Extracted data entries:
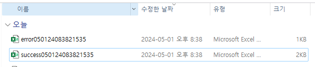 지정한 폴더에 가보면 Insert에 성공한 레코드와 error 레코드의 목록이 파일로 저장된 것을 볼 수 있습니다.
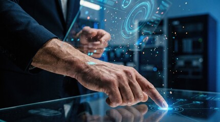 Man touching a futuristic interface with glowing data streams.
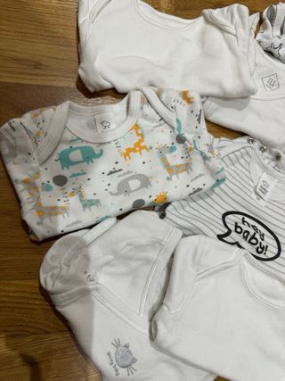 Lote de bodies de manga corta para bebé, talla 3-6 meses (68 cm). - Variedad de diseños y estampados. - Tejido suave y cómodo para la piel del bebé. - Perfectos para el día a día.
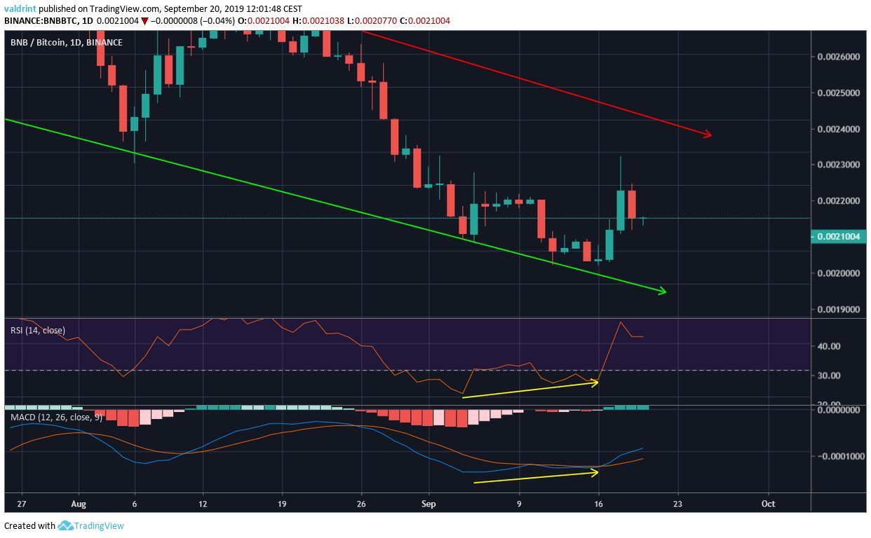 On September 17, the BNB price reached a low of 19,652 satoshis. A rapid upward move followed, and BNB reached a high of 22,880 satoshis the next day. It has been decreasing since.
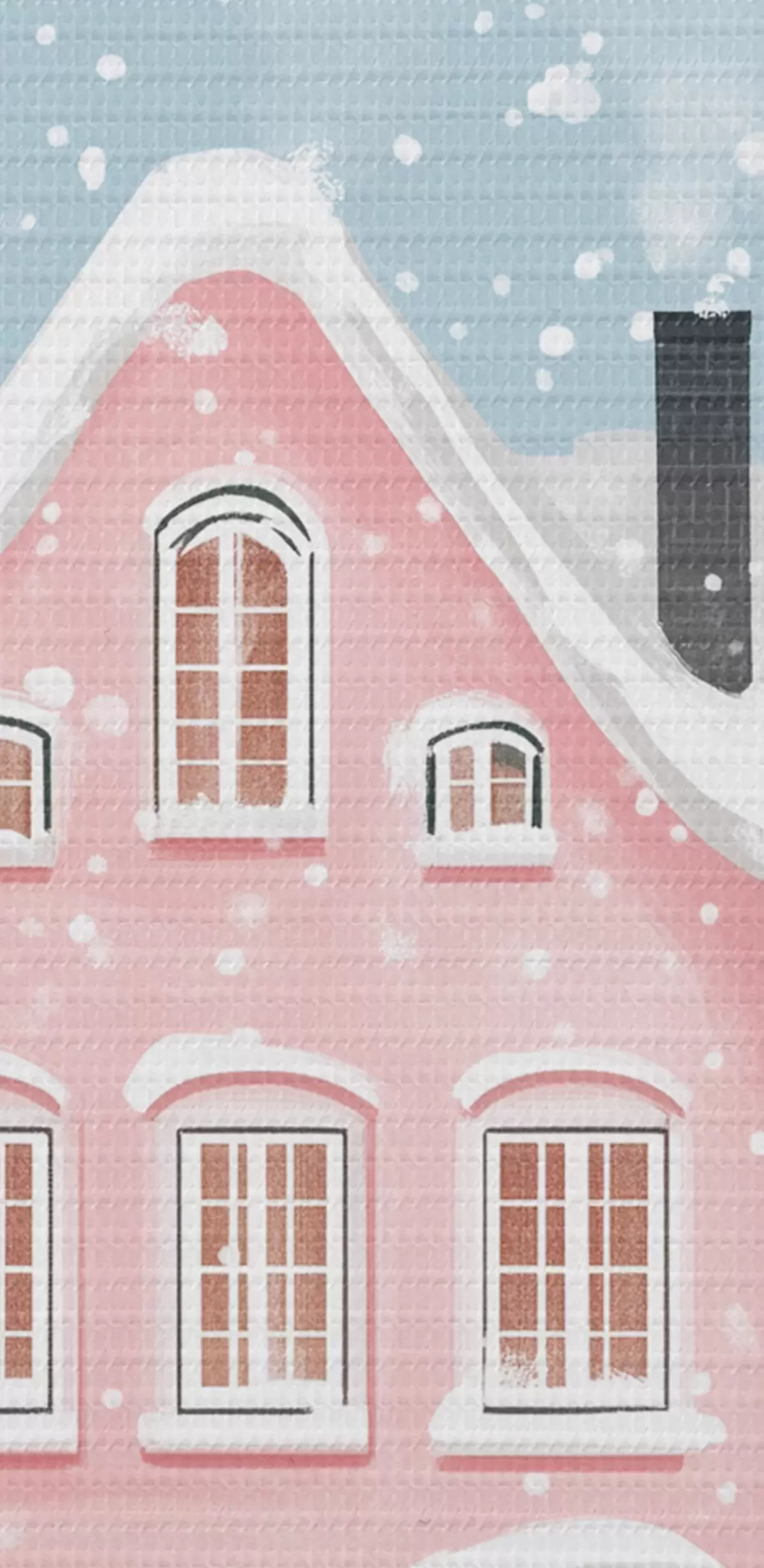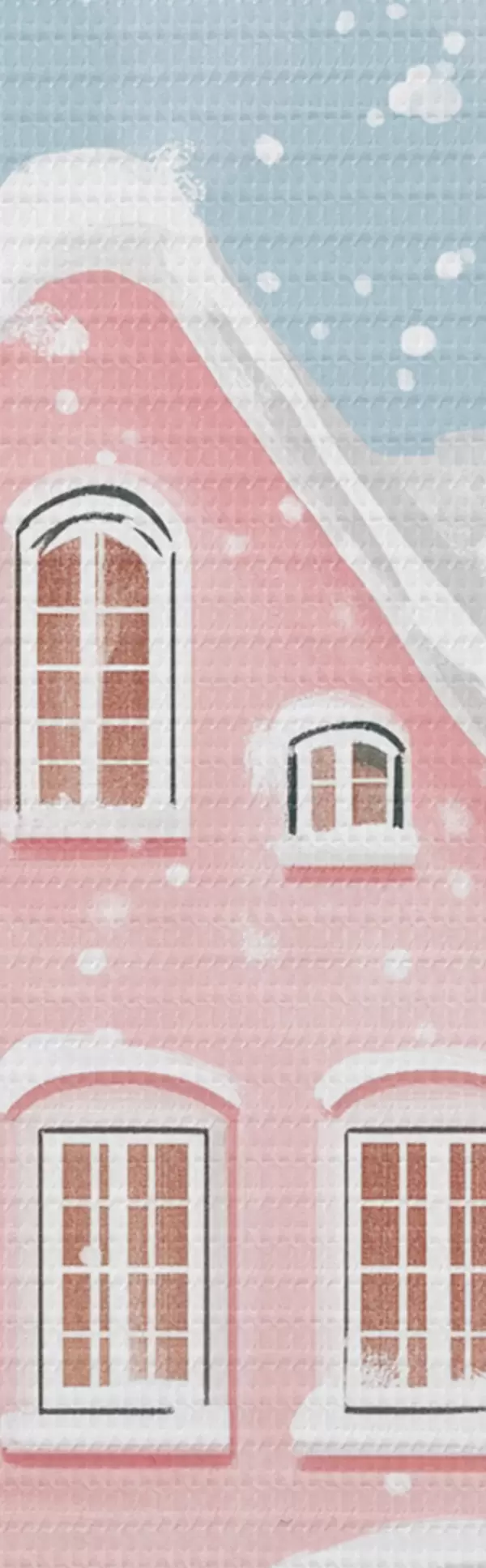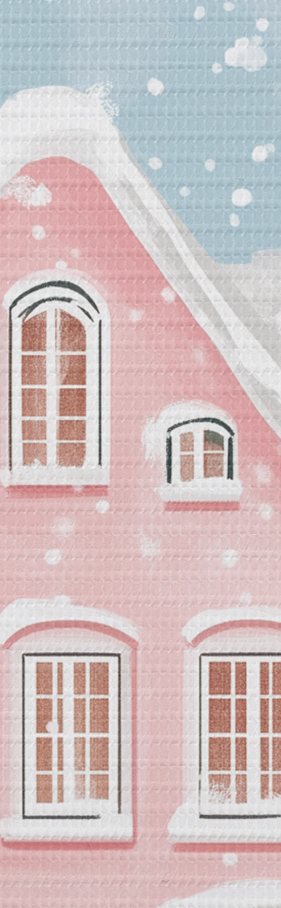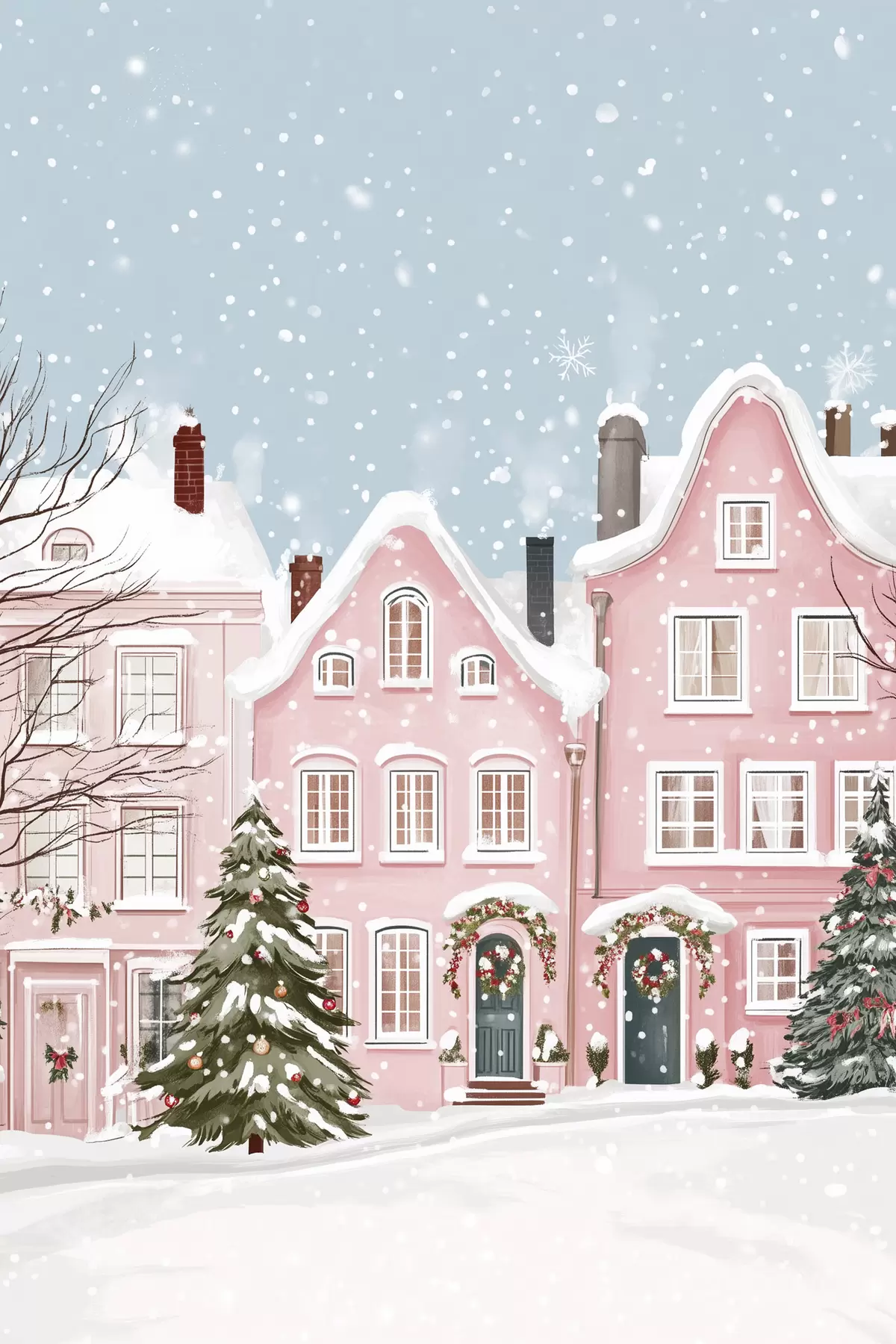 murales de pared Bonita ciudad con bonitas casas rosas, estética invernal, copos de nieve  s42793

_REQUIRED ACTION_. Transcribe all of the lines above exactly as given. The pictures stay out.

_REPLY_.
 지정한 폴더에 가보면 Insert에 성공한 레코드와 error 레코드의 목록이 파일로 저장된 것을 볼 수 있습니다.
 Man touching a futuristic interface with glowing data streams.
 Lote de bodies de manga corta para bebé, talla 3-6 meses (68 cm). - Variedad de diseños y estampados. - Tejido suave y cómodo para la piel del bebé. - Perfectos para el día a día.
 On September 17, the BNB price reached a low of 19,652 satoshis. A rapid upward move followed, and BNB reached a high of 22,880 satoshis the next day. It has been decreasing since.
 murales de pared Bonita ciudad con bonitas casas rosas, estética invernal, copos de nieve  s42793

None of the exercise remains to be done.